As stated in the order, the utilities argued that, “without this requested clarification, the January 16 order would be unlawful to the extent that it could be read to grant a class of transmission customers — in particular, firm point-to-point transmission customers wheeling to another balancing authority area’s interface — the unilateral right to exempt themselves from generally applicable OATT requirements, such as the transmission provider’s scheduling requirements and redispatch protocols.”   

The utilities alternatively asked the commission to rehear the matter if it declined to issue such a clarification or if Paragraph 155 of the Jan. 16 order “explicitly or implicitly grants ownership rights to transmission customers taking service on non-participating transmission service providers’ systems,” FERC noted. 

In granting the utilities’ request for clarification, the commission wrote that “under the Markets+ tariff, Markets+ transmission contributors may contribute only their transmission service rights [emphasis theirs] on non-participating transmission systems, in accordance with the non-participating transmission service providers’ OATTs or other governing documents.” 

The commission went on to clarify that it “agrees with SPP’s explanation that the transmission capability of non-participating transmission service providers is not available to Markets+ unless an entity that has transmission service rights on a non-participating transmission service provider’s system makes them available to Markets+, regardless of whether the entity is in a participating balancing authority or not.” 

The commission added that, because it had granted the utilities’ request for clarification, it had dismissed their request for rehearing as moot. 

‘Too Narrowly’

FERC dismissed a separate rehearing request by the four utilities, which had argued the compliance directives in Paragraph 154 of the Jan. 16 order could imply that SPP would be able to dictate the terms and conditions of service to transmission customers taking service under the OATTs of non-participating TSPs. 

“We are not persuaded by rehearing parties’ assertions that the January 16 order purports to control transmission service obligations on non-participating transmission service providers’ systems, and we thus sustain the compliance directives in Paragraph 154 of the January 16 order,” the commission wrote.  

The commissioners said the utilities were reading “the directives in Paragraph 154 too narrowly, ignoring the broader context of the commission’s findings on SPP’s Markets+ transmission contributor option in the surrounding paragraphs.” 

Applications Open for TEF’s Non-ERCOT Grant Program

The Texas Public Utility Commission has begun accepting applications for up to $1 billion in grants under one of the four Texas Energy Fund programs it administers. 

The PUC said May 28 that companies with facilities outside the ERCOT region can apply for funding for transmission and distribution infrastructure or generating facilities in the MISO, SPP and WECC portions of Texas. Qualifying projects must address the modernization of infrastructure, weatherization, reliability and resiliency improvements, or vegetation management, the commission said. 

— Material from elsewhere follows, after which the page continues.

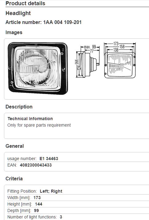 - Phare pour le Mercedes MB-Trac (1985-1991)

Applicants must be an existing electric utility, cooperative, municipality or river authority that owns or manages transmission or distribution infrastructure, one or more generators, or a qualifying facility within Texas outside ERCOT. Applicants have to complete and submit an application on the TEF website and file a separate submission statement with the PUC (57830). 

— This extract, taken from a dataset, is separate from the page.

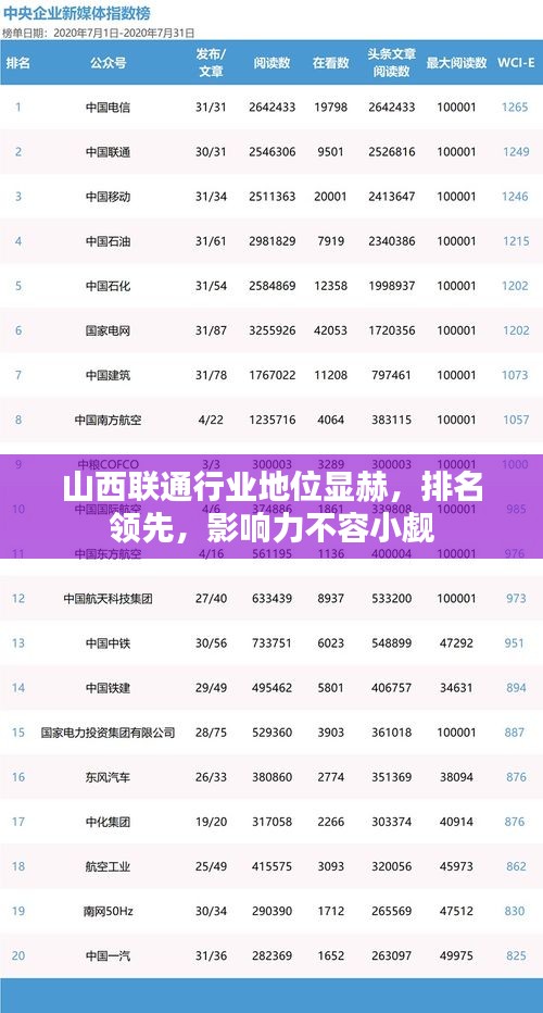 山西联通行业地位显赫,排名领先,影响力不容小觑

The Outside ERCOT Grant Program is one of four TEF offerings, along with the In-ERCOT Generation Loan Program, the Completion Bonus Grant Program and the Texas Backup Power Package Program. 

The Texas Legislature initially allocated $5 billion to the fund, all of which went to the in-ERCOT program. The low-interest loan program, designed to add 10 GW in gas generation, has seen eight projects drop out or be removed in recent months. (See 2 More Projects Fall out of TEF Loan Program.) 

Lawmakers allocated an additional $5 billion to the fund in its 2025 biennial budget. An additional $2.2 billion will go to loans and grants for ERCOT gas plants, and $1.8 billion has been dedicated to the backup power package. 

The TEF was created by legislation in 2023 and approved by voters later that year in a constitutional election.